Strategies proposed for the primary prevention of type 2 diabetes include weight reduction, reduced dietary fat intake, and increased exercise (2, 4, 7). These interventions are similar to those developed for preventing coronary heart disease; therefore, examination of type 2 diabetes incidence rates in coronary heart disease prevention trials can provide preliminary evidence on the potential of such interventions to reduce type 2 diabetes risk.

The Multiple Risk Factor Intervention Trial (MRFIT) enrolled 12 866 middle-aged men at high risk for coronary heart disease and delivered either special intervention or usual care over 6 to 7 years. The researchers obtained fasting glucose values yearly, and participants self-reported their use of insulin or oral hypoglycemic agents. The glucose values and reports of diabetes medication use enable estimation of diabetes incidence during the trial. Previous reports from MRFIT have described risk factors for the development of diabetes in the usual care group (12) and the risk for death associated with incident diabetes in the combined special intervention and usual care groups (13). In this paper, we compare the incidence of diabetes in the intervention and control groups of the MRFIT, report on an unexpected subgroup finding related to baseline cigarette smoking status, and explore reasons for the different results among smokers and nonsmokers.

METHODS

Procedures

Detailed descriptions of the MRFIT have been published (14-17). Briefly, between 1973 and 1976, the MRFIT investigators screened 361 662 men for eligibility at 22 U.S. clinical centers. Of this group, 12 866 men age 35 to 57 years were randomly assigned: 6428 men to the special intervention group and 6438 men to the usual care group.

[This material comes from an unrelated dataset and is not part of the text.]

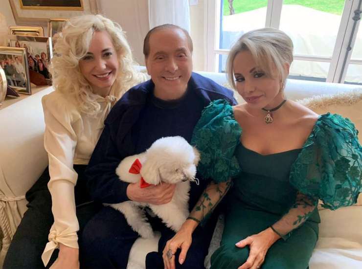 Silvio Berlusconi con la compagna Marta Fascina (a sinistra) e la figlia Marina. Foto Ansa/Facebook Silvio Berlusconi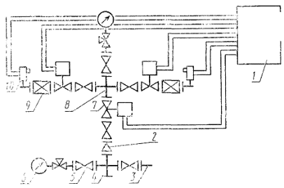 манометр с запорно-разрядным устройством; 5 - дроссель; 6 -

Screening occurred at 3 visits. At the first screening visit, investigators assessed the risk for coronary heart disease by using measurements of serum cholesterol level, diastolic blood pressure, and self-reported cigarette smoking (14). Men who were in the upper 15% (changed to 10% after one third of the screening was completed) of risk were invited to attend a second screening visit. Because of the eligibility criteria used in the MRFIT, the usual relationships among these risk factors were modified. For example, nonsmokers had to have higher blood pressure and lipid levels on average than smokers to be eligible for the trial.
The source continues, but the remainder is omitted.